Dataset extract:
● ● ● ● ●

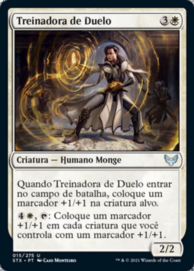 | Rules | When Dueling Coach enters the battlefield, put a +1/+1 counter on target creature. , : Put a +1/+1 counter on each creature you control with a +1/+1 counter on it. |
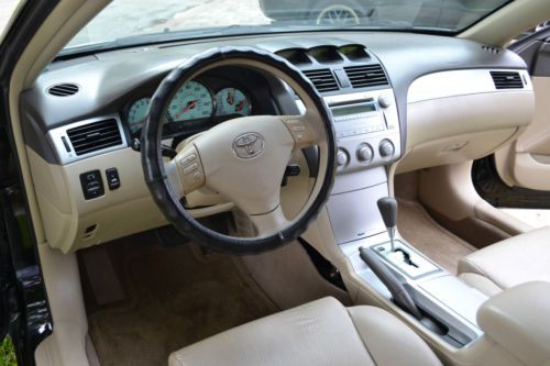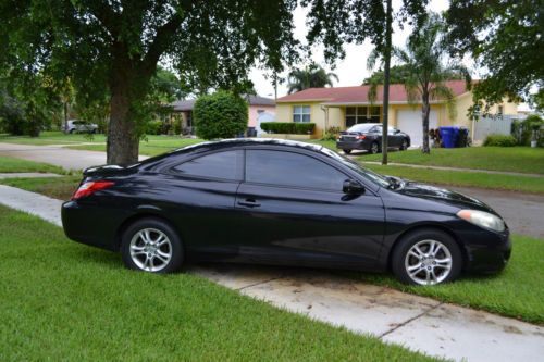 Original owner & lady driven 2005 Black Toyota Camry Solara LS Coupe. 4 Cylinders. 157-Horsepower engine that achieves 24 MPG in the city and 33 MPG on the highway.4-speed AUTOMATIC transmission. Maintenance & service records available. Car is an immaculate conditions. INTERIOR & BODY IS IN GOOD SHAPE. Beige Tan Leather Interior WITH NO TEARS. Michellin tires on all 4 rims. Power window's & seats. Just over 90,000 miles. Driver Airbag,Passenger & Side Airbags. Driven locally. FM/AM CD Changer car radio.Cruise control.Rides execellant. GREAT AUTOMOBILE IN PERFECT CONDITIONS. NEVER BEEN AN A ACCIDENT. SERVICED REGULARLY. Clear Florida Title. Buyer of this vehicle will not be dissapointed.
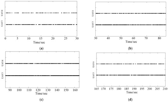 Figure 21 demonstrates the simulation results in the Gazebo simulation environment, specifically illustrating four different control tasks: time-invariant tracking, time-varying tracking, scaling maneuver, and rotation maneuver. The dashed lines clearly mark the flight trajectories of UAVs during each task, showcasing the precision and reliability of the formation control algorithm in maintaining formation structure. Following this, Figure 22 shows UAV flight trajectories based on real flight test data, further validating the algorithm’s effectiveness in practical applications. Figure 23 focuses on the relative orientation errors during various tasks, indicating effective convergence towards minimal error, demonstrating the system’s capability to maintain formation and orientation. Figure 24 analyzes the performance of distributed velocity observers by showing how the estimators accurately track the desired velocities, highlighting the observer design’s effectiveness in dynamic conditions. Lastly, Figure 25 presents the event-triggering moments of the velocity observers, showcasing how a well-designed event-triggering mechanism can ensure communication efficiency while significantly reducing bandwidth and resource consumption.

● ● ● ● ●

Your task:
The preceding listing is to be restated word for word, with every picture omitted.

Solution to this exercise:
 | Rules | When Dueling Coach enters the battlefield, put a +1/+1 counter on target creature. , : Put a +1/+1 counter on each creature you control with a +1/+1 counter on it. |
 Original owner & lady driven 2005 Black Toyota Camry Solara LS Coupe. 4 Cylinders. 157-Horsepower engine that achieves 24 MPG in the city and 33 MPG on the highway.4-speed AUTOMATIC transmission. Maintenance & service records available. Car is an immaculate conditions. INTERIOR & BODY IS IN GOOD SHAPE. Beige Tan Leather Interior WITH NO TEARS. Michellin tires on all 4 rims. Power window's & seats. Just over 90,000 miles. Driver Airbag,Passenger & Side Airbags. Driven locally. FM/AM CD Changer car radio.Cruise control.Rides execellant. GREAT AUTOMOBILE IN PERFECT CONDITIONS. NEVER BEEN AN A ACCIDENT. SERVICED REGULARLY. Clear Florida Title. Buyer of this vehicle will not be dissapointed.
 Figure 21 demonstrates the simulation results in the Gazebo simulation environment, specifically illustrating four different control tasks: time-invariant tracking, time-varying tracking, scaling maneuver, and rotation maneuver. The dashed lines clearly mark the flight trajectories of UAVs during each task, showcasing the precision and reliability of the formation control algorithm in maintaining formation structure. Following this, Figure 22 shows UAV flight trajectories based on real flight test data, further validating the algorithm’s effectiveness in practical applications. Figure 23 focuses on the relative orientation errors during various tasks, indicating effective convergence towards minimal error, demonstrating the system’s capability to maintain formation and orientation. Figure 24 analyzes the performance of distributed velocity observers by showing how the estimators accurately track the desired velocities, highlighting the observer design’s effectiveness in dynamic conditions. Lastly, Figure 25 presents the event-triggering moments of the velocity observers, showcasing how a well-designed event-triggering mechanism can ensure communication efficiency while significantly reducing bandwidth and resource consumption.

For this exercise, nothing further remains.